Non-Hermitian Floquet-Free Analytically Solvable Time Dependant Systems

TL;DR

This paper introduces a class of time-dependent non-Hermitian Hamiltonians that can be analytically solved and used to design systems with hidden PT-symmetry, avoiding the need for gain and loss mechanisms.

Contribution

The authors develop a method to transform complex non-Hermitian systems into analytically solvable models with balanced gain and loss through non-unitary gauge transformations.

Findings

Analytical solutions for a new class of non-Hermitian Hamiltonians.

Potential applications in photonics, acoustics, and electronics.

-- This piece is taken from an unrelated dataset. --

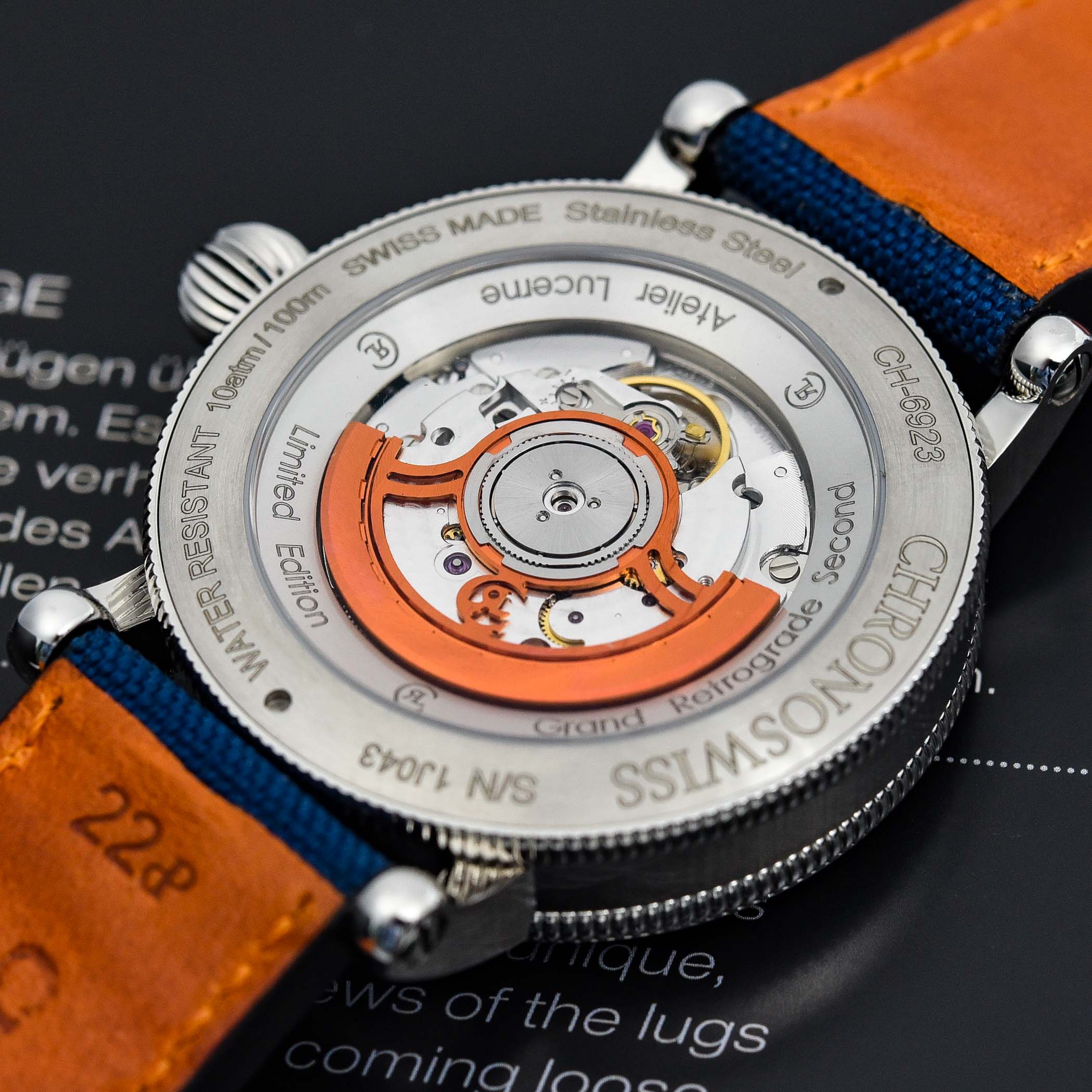 Flip the watch over and the exhibition caseback shows the automatic calibre C. 301. This movement is based on the ETA 2895 with a proprietary regulator and retrograde seconds module. Its frequency is of 4Hz and its power reserve of 42 hours. The hacking second mechanism allows for precise setting of the time. If the decoration is overall traditional (with Geneva stripes and perlage), the skeletonized rotor has been orange-coated.

Design of structures with hidden PT-symmetry without imaginary gain or loss.

Abstract

The non-Hermitian models, which are symmetric under parity (P) and time-reversal (T) operators, are the cornerstone for the fabrication of new ultra-sensitive optoelectronic devices. However, providing the gain in such systems usually demands precise contorol of nonlinear processes, limiting their application. In this paper, to bypass this obstacle, we introduce a class of time-dependent non-Hermitian Hamiltonians (not necessarily Floquet) that can describe a two-level system with temporally modulated on-site potential and couplings. We show that implementing an appropriate non-Unitary gauge transformation converts the original system to an effective one with a balanced gain and loss. This will allow us to derive the evolution of states analytically. Our proposed class of Hamiltonians can be employed in different platforms such as electronic circuits, acoustics, and photonics to design structures with hidden PT-symmetry potentially without imaginary onsite amplification and absorption mechanism to obtain an exceptional point.